PIP-Loco introduces a proprioceptive infinite-horizon planning framework for quadruped locomotion that blends RL with a Dreamer-based internal model to enable long-horizon planning and constraint satisfaction. The training regime uses an asymmetric actor-critic setup where an expert actor and a velocity-aware internal model co-evolve, while deployment relies on Dreamer to solve an infinite-horizon MPC-like problem with hard constraints.
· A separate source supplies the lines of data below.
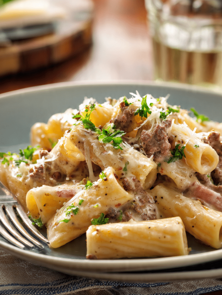 • What it is: A creamy beef pasta inspired by classic carbonara
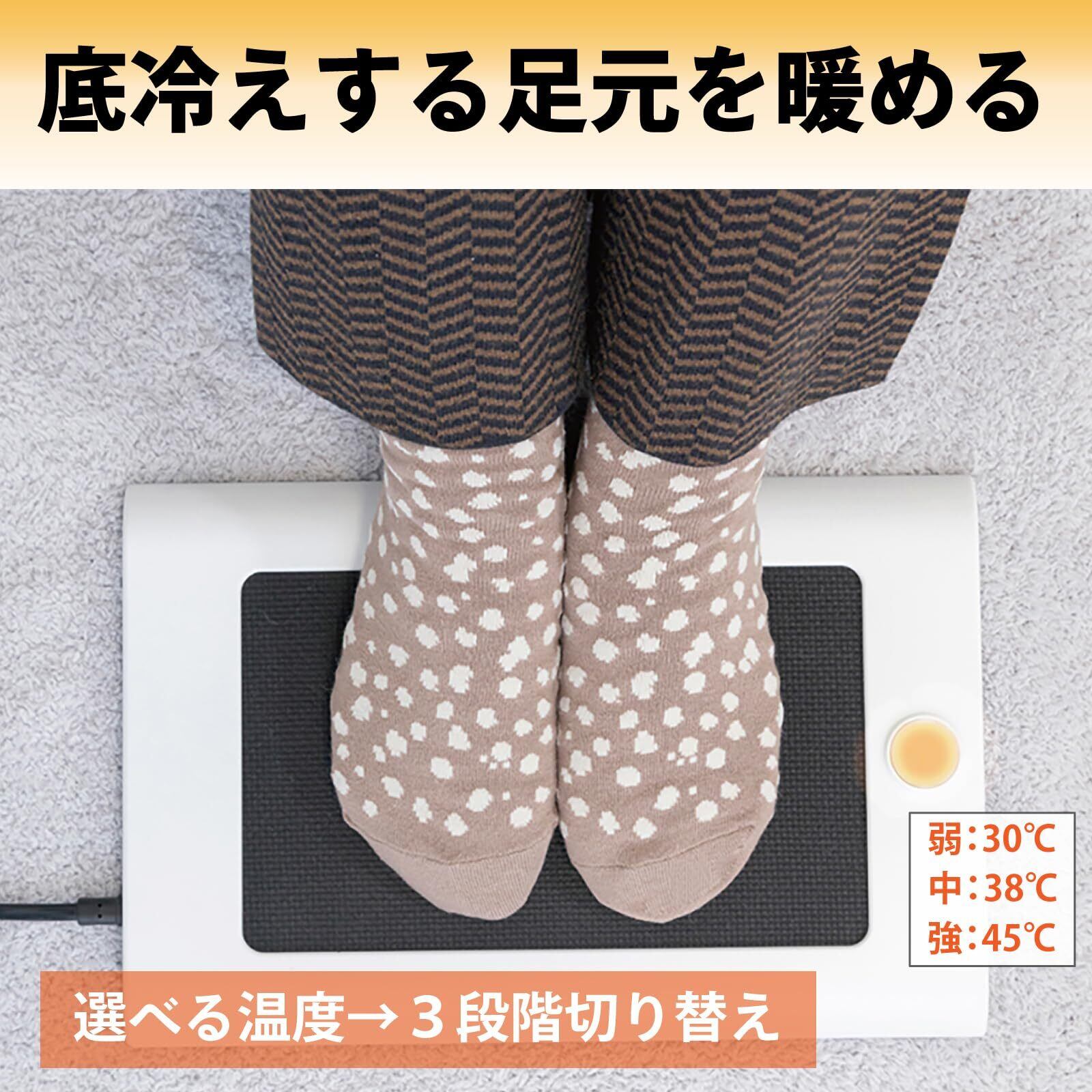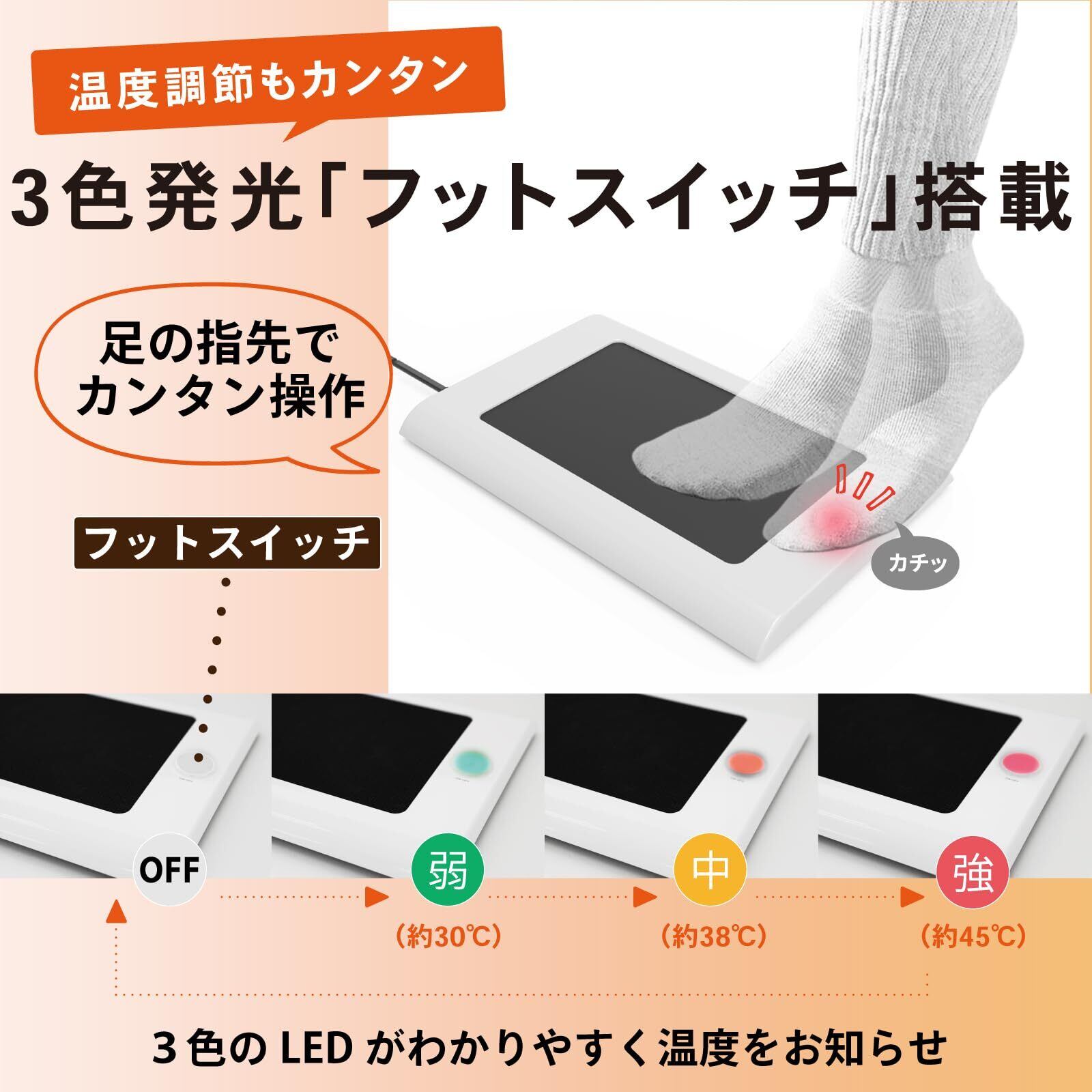 【足先で簡単操作】足の指先で簡単に操作できるフットスイッチを搭載。お好みに合わせて3段階の温度調節ができ、3色のLEDが分かりやすく設定温度をお知らせします。
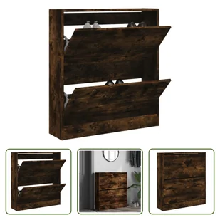 Szafka na buty dąb wędzony 80x21x87,5 cm materiał drewnopochodnyTa szafka na buty jest doskonałym wyborem do uporządkowania obuwia, szczególnie w ciasnych i wąskich przestrzeniach, dzięki swojej kompaktowej konstrukcji. Trwały materiał: Drewno konstrukcyjne to wyjątkowej jakości materiał o gładkiej powierzchni, który charakteryzuje się wytrzymałością, stabilnością i odpornością na wilgoć. Dużo miejsca do przechowywania: Ta wywrotka na buty ma 2 przegrody, dzięki czemu oferuje dużo miejsca na przechowywanie butów.
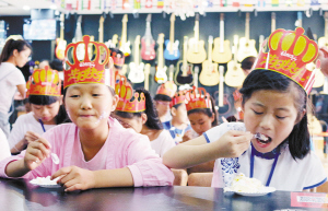 在接下来的益智游戏中,小记者开心地玩起来。抢凳子、正话反说、我来比划你来猜……小记者丰富的想像力和有趣的动作表演引发阵阵笑声……当然,生日会的重头戏莫过于享用美味香甜的蛋糕,小寿星一边分享美味,一边相互交流,尽情享受生日带来的快乐。
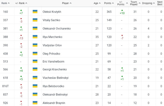 Лучший из украинцев Алексей Крутых снова обновил личное достижение, поднявшись еще на 7 позиций. У остальных небольшие изменения в разные стороны, но ничего существенного.
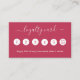 Um fundo magenta tendencioso, texto branco Na frente: Adicione seu desconto. Voltar: Personalize e adicione sua foto, nome, título, número de telefone, email, endereço do site, código qr ao seu site.
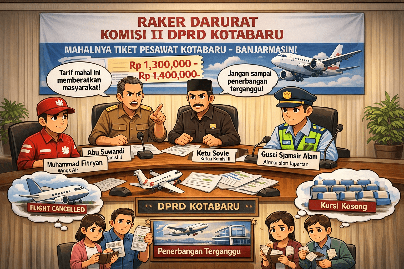 Menyikapi hal itu, Komisi II DPRD Kotabaru menggelar rapat kerja (raker) darurat dengan menghadirkan sejumlah pihak terkait, di antaranya Dinas Perhubungan, Diskominfo, pengelola Bandara Gusti Sjamsir Alam, serta perwakilan Wings Air (Lion Group), Senin (2/3/2026).
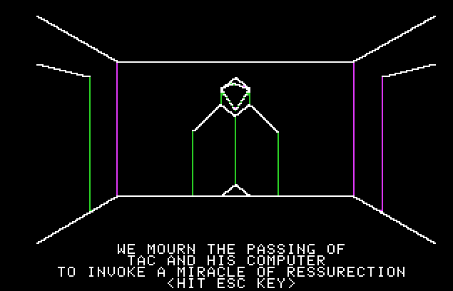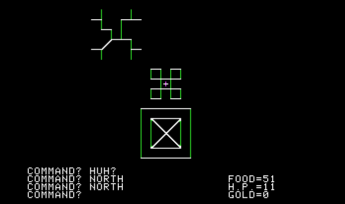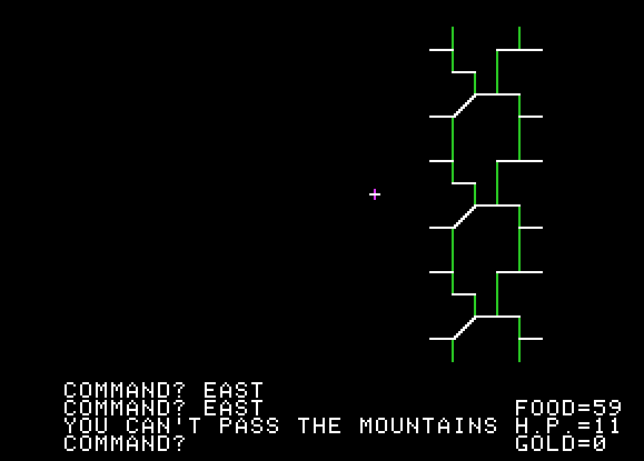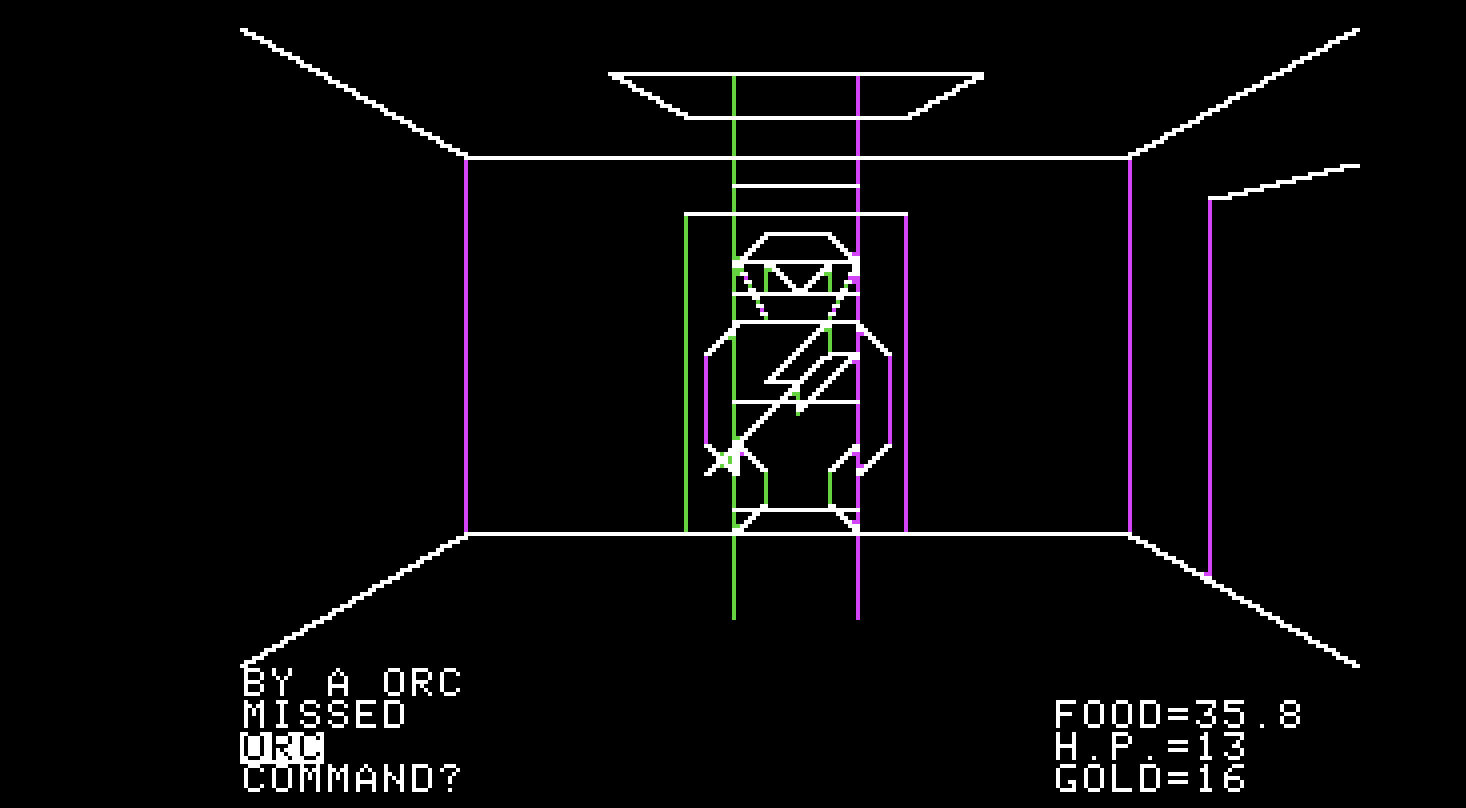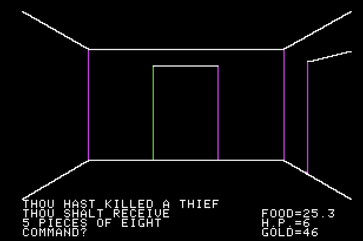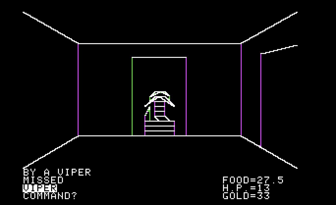 The overland map features crude renderings of mountains, structures and the all-important dungeon. Each move in the surface world costs one food … which causes problems far more quickly than one might think. When you venture into a dungeon, it switches to a simple, first-person, 3D view. It’s the Apple II, so the renderings are exceptionally crude, but in 1980 they got the job done.
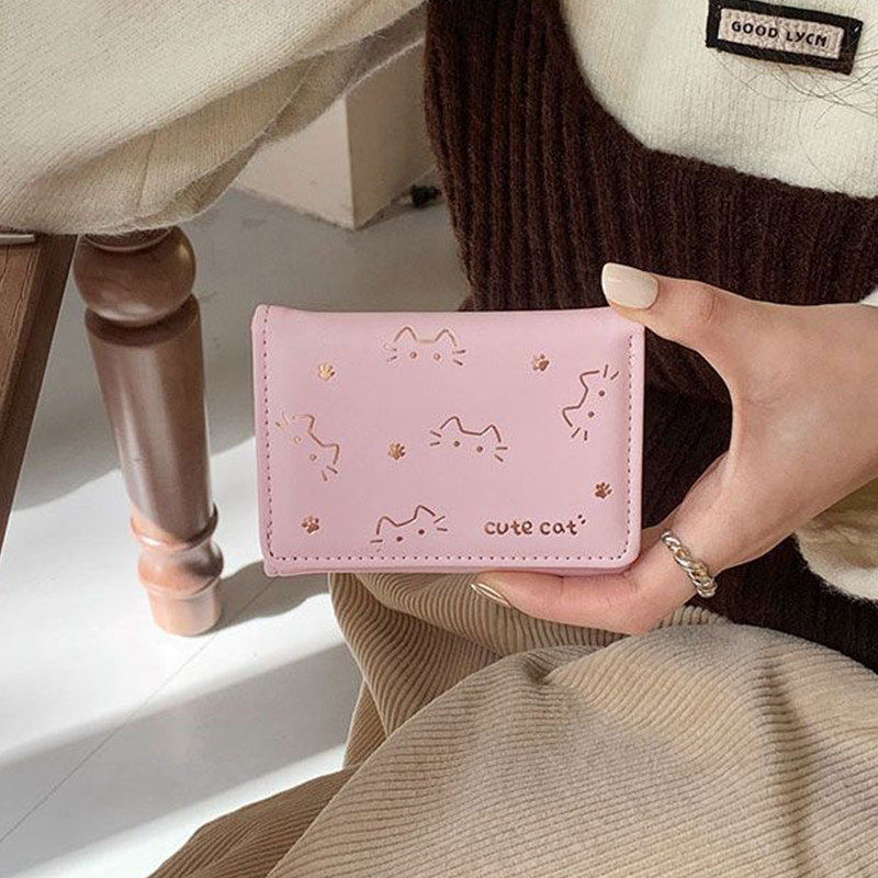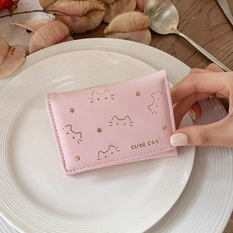 新款短款折叠小钱包女小众设计可爱印花猫咪轻薄迷你钱夹零钱卡包
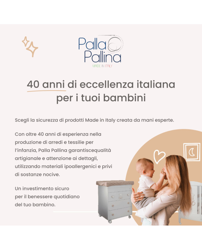 Il materassino fasciatoio Palla Pallina è la soluzione ideale per un cambio pannolino sicuro e confortevole. Dotato di sponde anticaduta, rivestimento in PVC impermeabile e imbottitura morbida, si adatta perfettamente alla cassettiera-fasciatoio. 100% Made in Italy e facile da pulire, garantisce igiene e tranquillità per ogni momento del cambio.
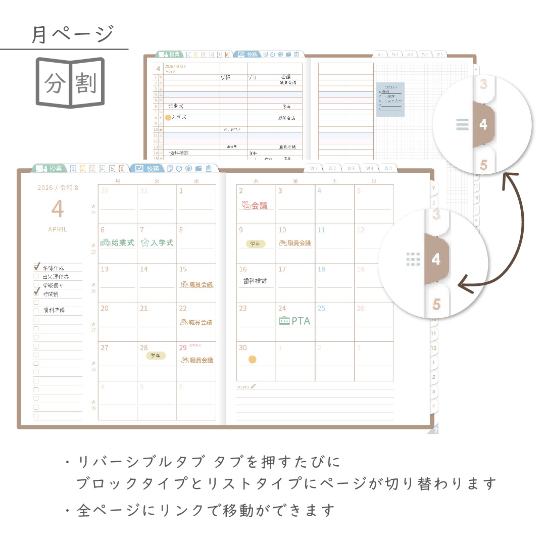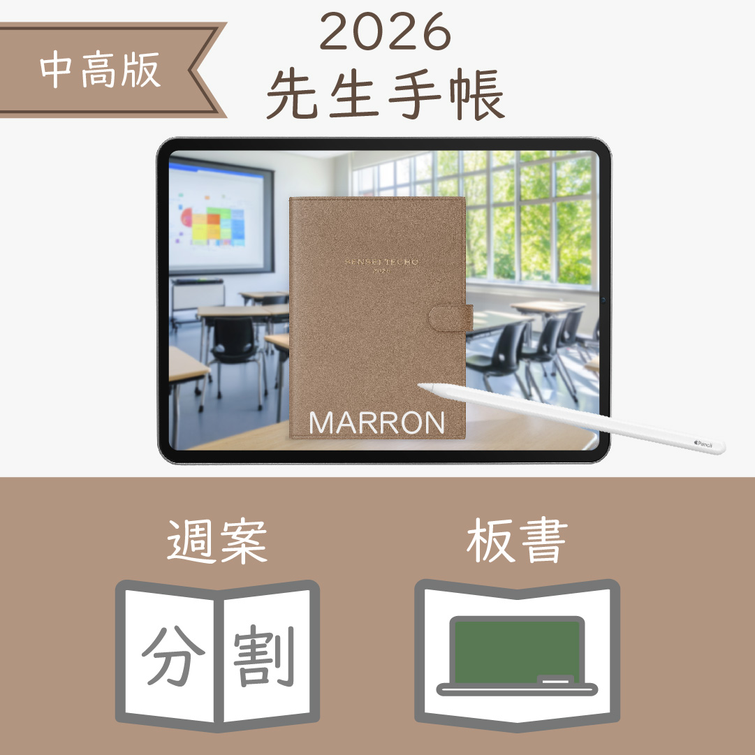 2026年度「先生手帳(中高版)」【レギュラー:分割/黒板】【色:マロン】
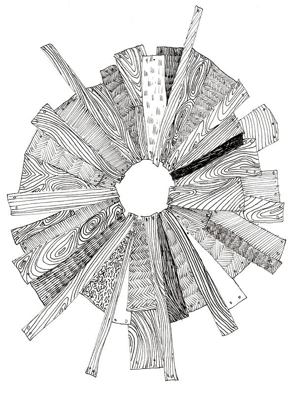 Im Sommer, rechtzeitig zum Diplom, war Erics Installation fertig geworden. Ein Konstrukt aus Holzlatten, die Eric quer in den Raum gestapelt hatte, verstellte den Weg zum Atelier. Die Holzstücke hielten ohne weitere Befestigung, lehnten nur an den Wänden. Ganz ohne Bohrung, sagte Eric stolz. Mona bückte sich unter Latten hindurch, stieg über andere hinweg, um ins Atelier zu gelangen. In der Mitte des Raumes erreichte die Konstruktion ihren höchsten Punkt, eine Art Kuppel erhob sich über Monas Kopf. Die Anordnung der Latten mit ihren regelmäßigen Abständen und sich überlagernden Winkeln ergab ein geometrisches Muster, das sich einem erst im Inneren der Kuppel erschloss. Es hatte etwas mit Mathematik zu tun und gefiel Mona.
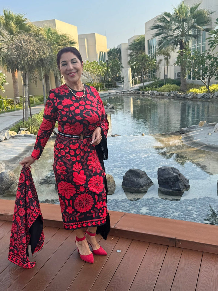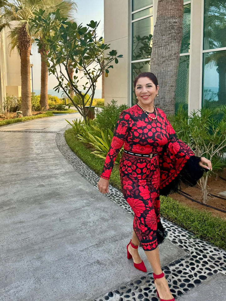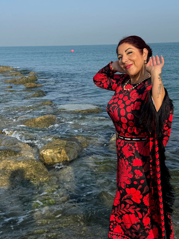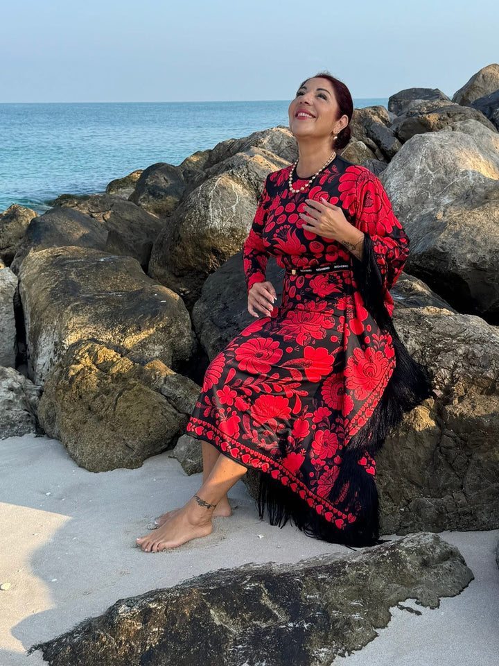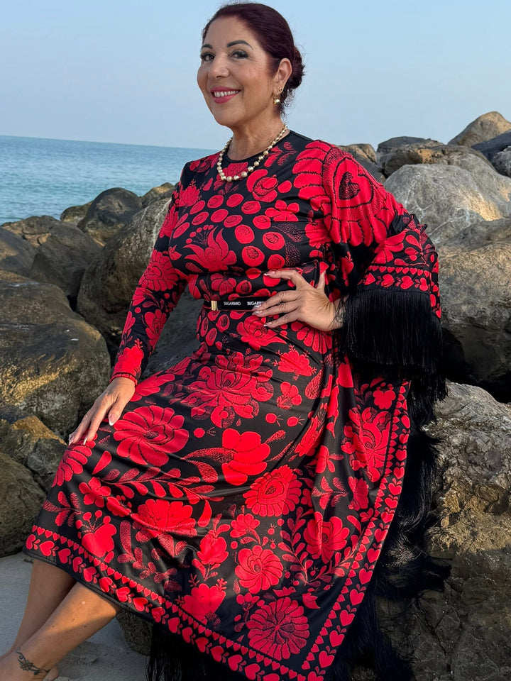 Choose from our exciting styles, the overall effect of which is made special by red MATYÓ flower and leaf motifs printed on a beige and black base.

Key findings show improved robustness to training noise, clearer interpretability via future-state dreaming, and successful hardware deployment on multi-terrain tests with units like the Unitree Go1. The work highlights the practical potential of integrating planning into RL for legged robots, while noting limitations related to planner-policy divergence and suggesting future directions such as safety filters and perception-driven planning.

Abstract

A core strength of Model Predictive Control (MPC) for quadrupedal locomotion has been its ability to enforce constraints and provide interpretability of the sequence of commands over the horizon. However, despite being able to plan, MPC struggles to scale with task complexity, often failing to achieve robust behavior on rapidly changing surfaces. On the other hand, model-free Reinforcement Learning (RL) methods have outperformed MPC on multiple terrains, showing emergent motions but inherently lack any ability to handle constraints or perform planning. To address these limitations, we propose a framework that integrates proprioceptive planning with RL, allowing for agile and safe locomotion behaviors through the horizon. Inspired by MPC, we incorporate an internal model that includes a velocity estimator and a Dreamer module. During training, the framework learns an expert policy and an internal model that are co-dependent, facilitating exploration for improved locomotion behaviors. During deployment, the Dreamer module solves an infinite-horizon MPC problem, adapting actions and velocity commands to respect the constraints. We validate the robustness of our training framework through ablation studies on internal model components and demonstrate improved robustness to training noise. Finally, we evaluate our approach across multi-terrain scenarios in both simulation and hardware.
Paper Structure (20 sections, 3 equations, 5 figures, 3 tables, 1 algorithm)

This paper contains 20 sections, 3 equations, 5 figures, 3 tables, 1 algorithm.

Figures (5)

  • Figure 1: Conceptual overview of PIP-Loco: The framework plans actions and velocity commands by dreaming about future states and enforcing constraints. The top shows the potential future trajectories starting from the current state, while the bottom depicts the quadruped adapting to stairs and rocky terrain.
  • Figure 2: PIP-Loco Framework: (a) The internal model (comprising of a velocity estimator and Dreamer module) learns in a co-dependent way with the Asymmetric Actor-Critic. The Dreamer module facilitates temporal reasoning by dreaming about future observations and latent states, enhancing exploration for improved locomotion behaviors. (b) The Dreamer module solves an infinite-horizon MPC problem to generate actions $a_t$ for the robot, ensuring robust constraint handling and adaptive locomotion across terrains.
  • Figure 3: Training performance comparison: Mean return per episode over training iterations for PIP-Loco (NLM) at different horizons (H=1, H=5) compared to the baseline HIMLoco himloco. PIP-Loco (NLM) shows improved performance across all horizons.
  • Figure 4: Top Sequence: Robot navigating a 45 cm step-down obstacle, with phases of walking, stepping down, adapting, and recovering. The graph below tracks pitch and roll angles over time, with phases highlighted in green (Normal Walk), red (Step), orange (Adaptation), and green (Recovery).
  • Figure 5: Simulation results for a 10-second run with extreme command velocities: Top-left compares roll and pitch with and without planning. The top-right shows optimized velocity commands from Algorithm \ref{['alg:mpc']}. The bottom panel shows joint angle variations, with planning having lower peaks near constraint bounds.